— Невозможно сказать ярче и короче. Каждый раз, вспоминая какие-нибудь пушкинские строки, словно впадаю в столбняк. Немею от восторга, от удивления. Во всей мировой литературе не найти ничего даже отдаленно похожего. Что можно нового сказать о Пушкине? Ничего! Можно лишь повторить давно истертые эпитеты и восклицания. Он уже давно перестал быть литературным фактом. Он вошел во всю нашу жизнь. Должно быть, есть в природе вещи, о которых мы даже не догадываемся. А то как же могло случиться, что какой-то негодяй неизвестными путями и неизвестно зачем проникает в Россию, делается родственником Пушкина, а затем убивает его. Нет, умом такое понять невозможно!
Бахрах вдруг тихо произнес:
На ветви сосны преклоненной,
Бывало, ранний ветерок
Над этой урною смиренной
Качал таинственный венок…
Бывало, в поздние досуги
Сюда ходили две подруги,
И на могиле, при луне,
Обнявшись, плакали оне.
— Это из седьмой главы «Онегина», — сказал Бунин. — Мало кто знает эти прелестные строки Пушкина, помнят лишь то, что в гимназии учили, или строфы, на кои музыка положена. Вот Вера Николаевна любит напевать «Гонимы вешними лучами». Об опере «Евгений Онегин» не говорю, да там многие строки в угоду либретто искажены. Но все-таки Пушкина помнят. Зато сколько других прекрасных поэтов — и ни четверостишия!
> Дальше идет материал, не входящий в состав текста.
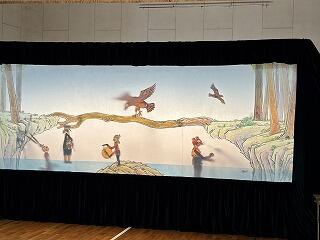 影絵について説明していただきました。動きのリアルさに、子供たちもすぐに引き込まれました。

— Но ведь это естественный порядок вещей! — улыбнулся Бахрах. — Помните у Державина:
Река времен в своем стремленьи
Уносит все дела людей.
И топит в пропасти забвенья
Народы, царства и царей.
Вдруг Бунин что-то вспомнил, горячо сказал:
— Гораздо удивительней, когда разные умники посягали на литературные авторитеты Пушкина и Толстого…
— Советские умники?
— Это было бы неудивительно! Но еще при жизни Александра Сергеевича, после завершения «Евгения Онегина» в конце двадцатых — начале тридцатых годов, на него обрушился поток критических разносов. «Северная пчела» пыталась учинить разгром седьмой главы «Онегина», находя, что в ней нет «ни одной дельной мысли», а так, сплошное «балагурство». Ругали «Полтаву». Обвиняли Пушкина в каком-то антидемократизме, «литературном аристократизме» и прочей чуши. К хору недоброжелателей присоединились те, кто еще вчера восхвалял его взахлеб — журналисты «Сына Отечества» и «Московского телеграфа».
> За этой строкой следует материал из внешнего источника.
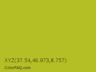 XYZ 37.54,46.973,8.757 Color is a normal yellow color and the nearest color is Acid Green #b0bf1a. Hex code #b3bf24 and RGB value is rgb(179,191,36). In RGB color space, this color is composed of 70% red, 75% green, 14% blue, In CMYK color space, this color is composed of 6% cyan, 0% magenta, 81% yellow , 25% black , In HSL color space, this color has a hue angle of 65° , 68% saturation and 45% lightness.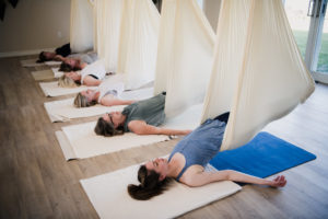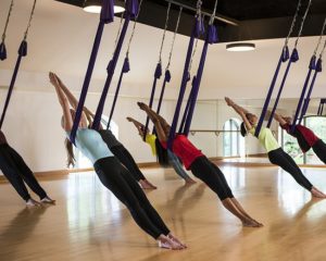 Las inversiones en el columpio generan una presión contraria a la de la gravedad, que beneficia a nuestro suelo pélvico. Junto con el trabajo consciente y la respiración adecuada, el Yoga en columpio es una práctica que puede favorecer la recuperación y prevención tanto para mujeres y hombres.

— Может, поэтому Александр Сергеевич не окончил «Онегина»? — спросил Бахрах.
Бунин вздохнул:
— Я иногда думаю, что и погиб он из-за травли. Ведь наверняка был очень ранимым. И это все от черной зависти литературной братии и от их глупости. Как и в наши дни, впрочем.
Бунин заметил, что Бахрах хочет, но не решается о чем-то спросить. Он шутливо стал подбодрять собеседника:
— Ну, смелей! А еще доблестным защитником Французской Республики были…
— Иван Алексеевич, почему после выхода «Избранных стихов» в двадцать девятом году вы перестали заниматься поэзией?
Бунин неопределенно пожал плечами:
— Вы, верно, хотели сказать, почему перестал печатать стихи? Ибо пишу я их или нет, об этом знать никто не может. — Помолчал, потом добавил: — Давайте лучше продолжим тему о литературных авторитетах.
— Давайте! Ведь даже Лев Николаевич посягал на авторитет самого Шекспира.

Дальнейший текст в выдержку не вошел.